Kandidaten gibt es, wie Leser der Achse wissen, viele, aber heute soll es um die Gentechnik und insbesondere das skurrile Urteil des EuGH der vergangenen Woche zu den neuen Züchtungstechniken gehen. Wer sind diejenigen Strippenzieher, die jene wissenschaftlich nicht auf der Höhe der Zeit urteilenden Straßburger Richter so aufs Glatteis geführt haben?

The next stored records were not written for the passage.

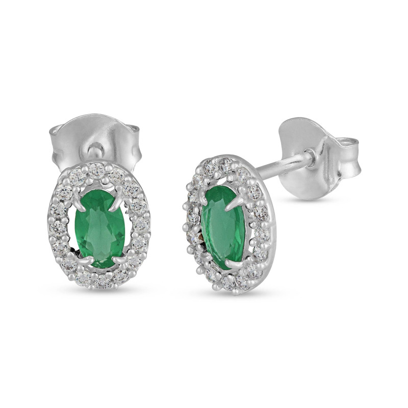 Brinco de Prata Coleção Princess Zircônia Oval Esmeralda 5x3
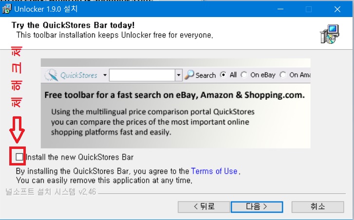 2. 설치시 아래의 추가설치파일 체크박스를 체크하지마세요
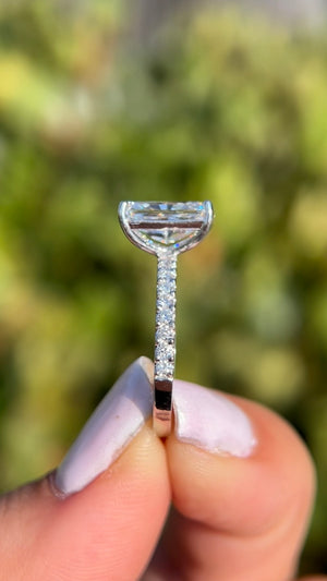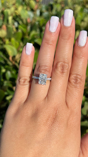The Jada features a lab grown radiant diamond in a tiffany floating setting. The Jada uses a 2mm pave classic diamond band to create a gorgeous dainty style that blends modern with timeless. The radiant diamond is elongated and cut like a 2.80ct size

Es sind in unserer Republik Leute wie Renate Künast, Harald Ebner, Martin Häussling oder auch den unter obskuren Bedingungen zu einem Berater des Bundesamtes für Naturschutz (BfN) und dem Bundesministerium für Umwelt, Naturschutz und nukleare Sicherheit berufenen Tier-Homöopathen und Ex-Greenpeace-Aktivisten Christoph Then. Vergessen sollten wir auch nicht den Greenpeace "Kampaigner" Dirk Zimmermann (schlauer als über 100 Nobelpreisträger), der es sicher besser weiß, aber seine Seele halt an Greenpeace verkauft hat.
Zurück zu den Opfern, den Journalisten, der Öffentlichkeit und den unbedarften Richtern des EuGH – was besagt deren Urteil? Im Kern wollen die Richter eine gezielte Mutation bei einer Kulturpflanze, die durch „Genome Editing“ erzeugt wird, genauso streng regeln wie einen gentechnischen Eingriff, bei dem genetische Information aus einem Organismus (etwa einem Bakterium) in eine Pflanze eingebracht wird und dort eine neue Eigenschaft bewirkt.
Zwar haben Jahrzehnte an Sicherheitsforschung gezeigt, dass von der mittlerweile „klassischen“ Gentechnik – sie geht auf eine Entdeckung vom Anfang der 80er Jahre des letzten Jahrhunderts zurück, ist also bereits mehr als 35 Jahre alt – keine besonderen Gefahren ausgehen, aber lautstarke Lobbyisten aus den Bereichen grüner Esoterik, linke Sozialdemokraten, Biolandbau und Blut & Boden-Romantiker der AfD und der AbL haben der Öffentlichkeit erfolgreich vorgegaukelt, dass die Gentechnik gefährlich sei, wohlwollend unterstützt von großen Teilen der Presse und den ÖR-Medien (besonders dabei WDR, MDR und ARTE).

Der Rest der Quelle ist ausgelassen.